…Деревья и ограды Уходят вдаль, во мглу. Одна средь снегопада Стоишь ты на углу…
И много. И евангельский цикл. Наверное, потому и нельзя на руки выдать, но почему-то нужно доказательство, что я читала и письмо на двенадцать страниц, и стихи – всю зеленую книжечку.
– На руки нет распоряжения отдавать… – бормочет мне «кум», а я все прошу – отдайте, отдайте…
Значит, чье-то распоряжение? Кто-то занимается нашим делом? Боря пишет – «хлопочем и будем хлопотать!».

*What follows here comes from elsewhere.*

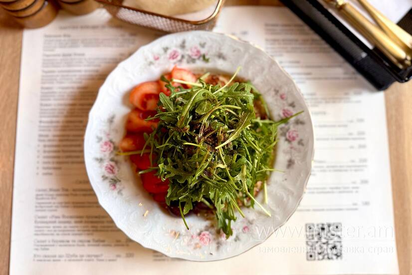 Традиційна паста з нуту, заправлена тахіною, заатаром та оливковою олією. Подаємо із запеченим в хоспері солодким перцем, салатом зі свіжої руколи та пітою.

Как же меня обокрали, не отдали этого письма, проклятые! Сижу долго, ночь на исходе, возвращаюсь под бледными рассветными звездами. Не ложусь, стараюсь рассмотреть свое лицо в обломок старого зеркала. Глаза, правда, еще голубые, но так погрубело лицо, и с носа слезает три шкуры. Вот так красавица. И зуб сломан сбоку. А ведь Боря пишет мне нежной и прежней: «Тебе, моя прелесть, в ожидании пишет твой Боря…» А тут еще год – и я старуха.
Боже! Уже скоро развод, впереди жаркий, беспощадный день, конвой, башмаки сорок четвертого, агрономша Буйная…
Но теперь можно терпеть.
Я соображаю, что со мной не все так просто. Что Боря не дает им покоя, моим мучителям, а они не знают, что с нами делать. Боря пишет: «Я прошу их, если есть у нас вина, то она моя, а не твоя. Пусть они отпустят тебя и возьмут меня. Есть же у меня какие-то литературные заслуги…»
Вспоминаю, как на каждый стук на дворе Лубянки Семенов говорил с улыбкой:
– Слышите? Это Пастернак сюда стучится.
И уверял, что Пастернак сознает вину перед родиной, раз уж пишет: «Если я виноват, заберите меня!» И сейчас то же пишет. И ясно, что всесильный Комитет делает какие-то нам исключения… Но в руки стихов не было распоряжения отдавать! А читать – было! И все двенадцать страниц любви, тоски, ожиданий, обещаний, и каких стихов – все остается у «кума». Но что ж! Пролетели журавли над Потьмой, и можно найти силы после бессонной ночи идти на развод, жаться «стукачкой» под осуждающими взглядами «спидниц». Предстоит счастливый день, а вечером усну, и дай бог увидеть во сне журавлей!
Большие и всякие птицы снятся к свободе…
Письма
Я вынесла из лагеря записку и четыре открытки от Бори. Записка была вложена в письме от четвертого ноября пятьдесят второго года:
Но Б. Л. писал, и не раз. Только письма его не доходили: «Не положено писать не ближним родственникам». Тогда он стал писать от имени мамы. Эти открытки смешили и очаровывали меня – трудно было даже вообразить, что моя мама, при ее складе характера, могла писать такие поэтические и такие сложные письма.
На всех стоит мой тогдашний адрес: ст. Потьма Мордовской АССР, поселок Явас, п/я 385/13, О. В. Ивинской – и адрес отправителя: Москва, Потаповский пер, 9/11, кв. 18, от Марии Николаевны Костко.
[14]
Мои лагерные годы были тяжелыми и для Б. Л. Он взвалил на себя все заботы о моей семье, хотя возможностей у него было совсем немного. Без него мои дети просто не выжили бы.
Вскоре после моего ареста с Б.Л. случился инфаркт. Ему тогда едва исполнилось шестьдесят лет, а ведь здоровье, и моральное, и физическое, он имел необычайно крепкое.